> Task details:
Exact transcription, pictures omitted: reproduce the listing below.

> Given information:
########################################

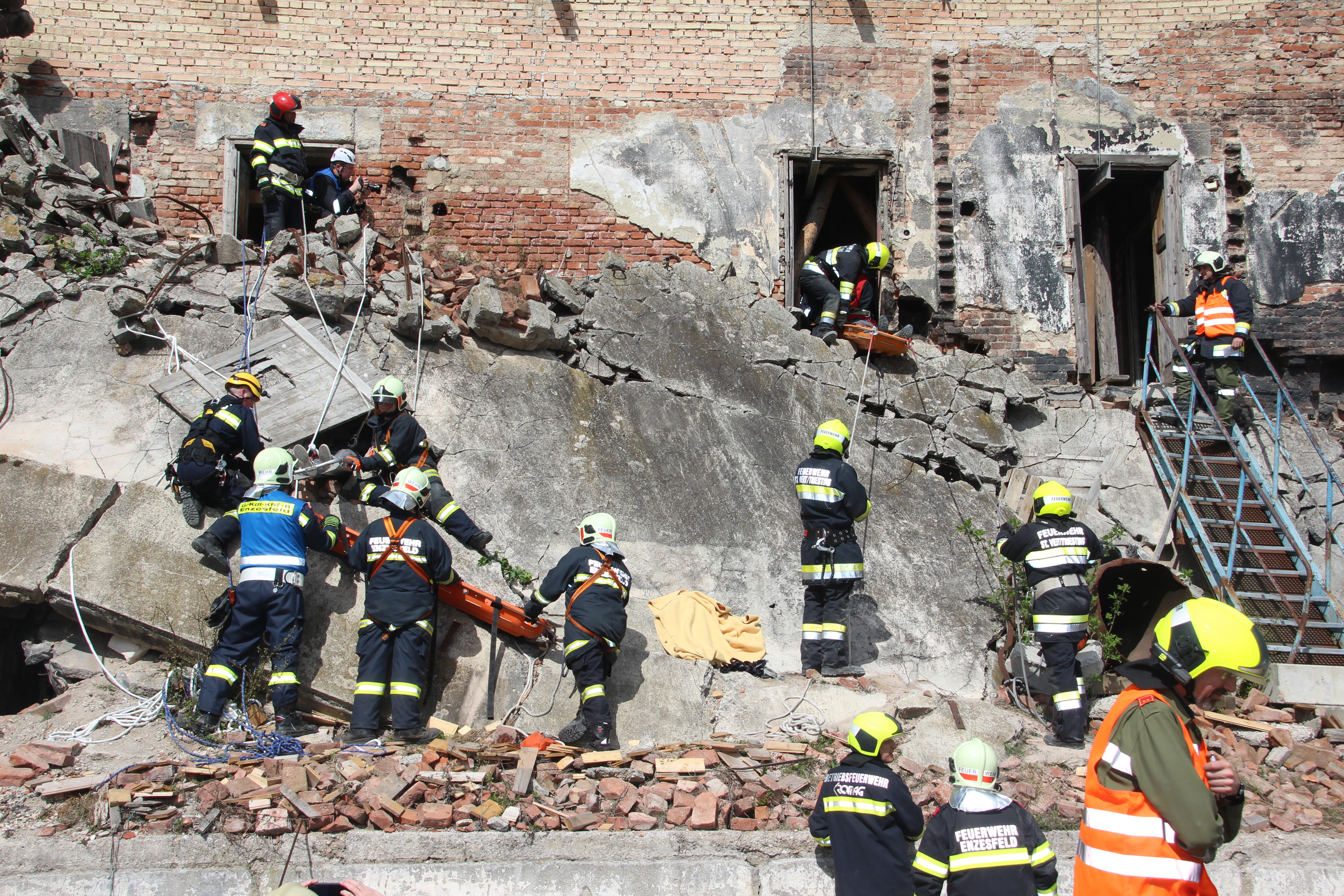 Die beiden Gruppen der FF St. Veit bekamen den Auftrag, das Obergeschoß eines teilweise eingestürzten Gebäudes nach vermissten Personen zu durchsuchen und diese zu retten. Insgesamt konnten 3 verletzte Personen geortet werden, zwei Personen waren Verletzten-Darsteller des Teams Österreich, eine verletzte Person wurde durch eine Übungspuppe dargestellt, die unter schweren Betonblöcken eingeklemmt war. Eine der beiden Personen wies schwere Gesichts- und Beinverletzungen auf, die andere war schwer verletzt von einer Zwischendecke zu retten. Während der Rettungsarbeiten mussten drei Kameraden abgezogen werden, die als Atemschutzträger zur Unterstützung bei einem Kellerbrand mit gleichzeitiger Menschenrettung eingesetzt wurden. Nach dem zwei Personen aus dem Obergeschoss gerettet wurden, war als nächste Übungseinlage die Rettung eines verunfallten Feuerwehrkameraden erforderlich, der sich bei der Erkundung eines eingestürzten Kellers, in dem sich eine zu rettende Person (Übungspuppe) befand, einen Beinbruch zuzog. Hier waren die extrem beengten Raumverhältnisse ein Erschwernis, doch konnte auch diese beiden Personen mit sehr viel Improvisationsgeschick gerettet werden.
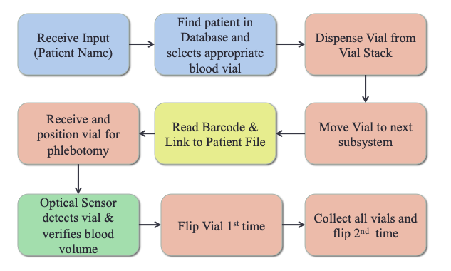 Incorporating technology into the phlebotomy process can also help reduce any human error present. The pre-analytical phase and the errors that occur here are a challenge that robotics and automation has not yet fully solved. There is a lack of robotic solutions that attempt to minimize pre-analytical errors in the ENTIRE phlebotomy procedure. Some marketed solutions solve individual problems in specific stages of phlebotomy. For example, those used for labeling, dispensing and scanning. There are currently various options in the market for vial labeling, including Ink, Laser or Label Printers. For dispensing there are different designs that have been developed for vial handling devices. Scanning options include camera or laser-based scanners. However, these solutions handle the individual errors in phlebotomy. Incorporating them into one device can be a simpler approach to help minimize the occurrence of errors. There is a market gap for solutions that use robotic technology to reduce many pre-analytical errors all at once not just individually.
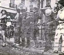 Homosexuality in the time of Juan Manuel de Rosas is attested by the stigmatization of the Unitarians to the Federals with the term "sodomites" and of the Federals to the Unitarians as "maricones" (i.e. "faggots").[30] This attribution of roles was also derived from the custom of the Mazorca members of sodomizing young Unitarians, as documented in Esteban Echeverría's El matadero (1839).[30] The repressed homosexuality became visible during the Buenos Aires Carnival festivities, so much so that in 1836 Rosas prescribed its rules, prohibiting "wearing a costume that does not correspond to one's sex."[30] There are no historical sources about lesbianism of the time, although a relationship between Manuela Rosas and her cousin Dolores Fuentes can be inferred, as documented in some love letters, in one of which the former wrote: "How inhumane are my uncles who have taken a friend from me who is as if she were my wife!"[30][31]

########################################

> Response:
 Die beiden Gruppen der FF St. Veit bekamen den Auftrag, das Obergeschoß eines teilweise eingestürzten Gebäudes nach vermissten Personen zu durchsuchen und diese zu retten. Insgesamt konnten 3 verletzte Personen geortet werden, zwei Personen waren Verletzten-Darsteller des Teams Österreich, eine verletzte Person wurde durch eine Übungspuppe dargestellt, die unter schweren Betonblöcken eingeklemmt war. Eine der beiden Personen wies schwere Gesichts- und Beinverletzungen auf, die andere war schwer verletzt von einer Zwischendecke zu retten. Während der Rettungsarbeiten mussten drei Kameraden abgezogen werden, die als Atemschutzträger zur Unterstützung bei einem Kellerbrand mit gleichzeitiger Menschenrettung eingesetzt wurden. Nach dem zwei Personen aus dem Obergeschoss gerettet wurden, war als nächste Übungseinlage die Rettung eines verunfallten Feuerwehrkameraden erforderlich, der sich bei der Erkundung eines eingestürzten Kellers, in dem sich eine zu rettende Person (Übungspuppe) befand, einen Beinbruch zuzog. Hier waren die extrem beengten Raumverhältnisse ein Erschwernis, doch konnte auch diese beiden Personen mit sehr viel Improvisationsgeschick gerettet werden.
 Incorporating technology into the phlebotomy process can also help reduce any human error present. The pre-analytical phase and the errors that occur here are a challenge that robotics and automation has not yet fully solved. There is a lack of robotic solutions that attempt to minimize pre-analytical errors in the ENTIRE phlebotomy procedure. Some marketed solutions solve individual problems in specific stages of phlebotomy. For example, those used for labeling, dispensing and scanning. There are currently various options in the market for vial labeling, including Ink, Laser or Label Printers. For dispensing there are different designs that have been developed for vial handling devices. Scanning options include camera or laser-based scanners. However, these solutions handle the individual errors in phlebotomy. Incorporating them into one device can be a simpler approach to help minimize the occurrence of errors. There is a market gap for solutions that use robotic technology to reduce many pre-analytical errors all at once not just individually.
 Homosexuality in the time of Juan Manuel de Rosas is attested by the stigmatization of the Unitarians to the Federals with the term "sodomites" and of the Federals to the Unitarians as "maricones" (i.e. "faggots").[30] This attribution of roles was also derived from the custom of the Mazorca members of sodomizing young Unitarians, as documented in Esteban Echeverría's El matadero (1839).[30] The repressed homosexuality became visible during the Buenos Aires Carnival festivities, so much so that in 1836 Rosas prescribed its rules, prohibiting "wearing a costume that does not correspond to one's sex."[30] There are no historical sources about lesbianism of the time, although a relationship between Manuela Rosas and her cousin Dolores Fuentes can be inferred, as documented in some love letters, in one of which the former wrote: "How inhumane are my uncles who have taken a friend from me who is as if she were my wife!"[30][31]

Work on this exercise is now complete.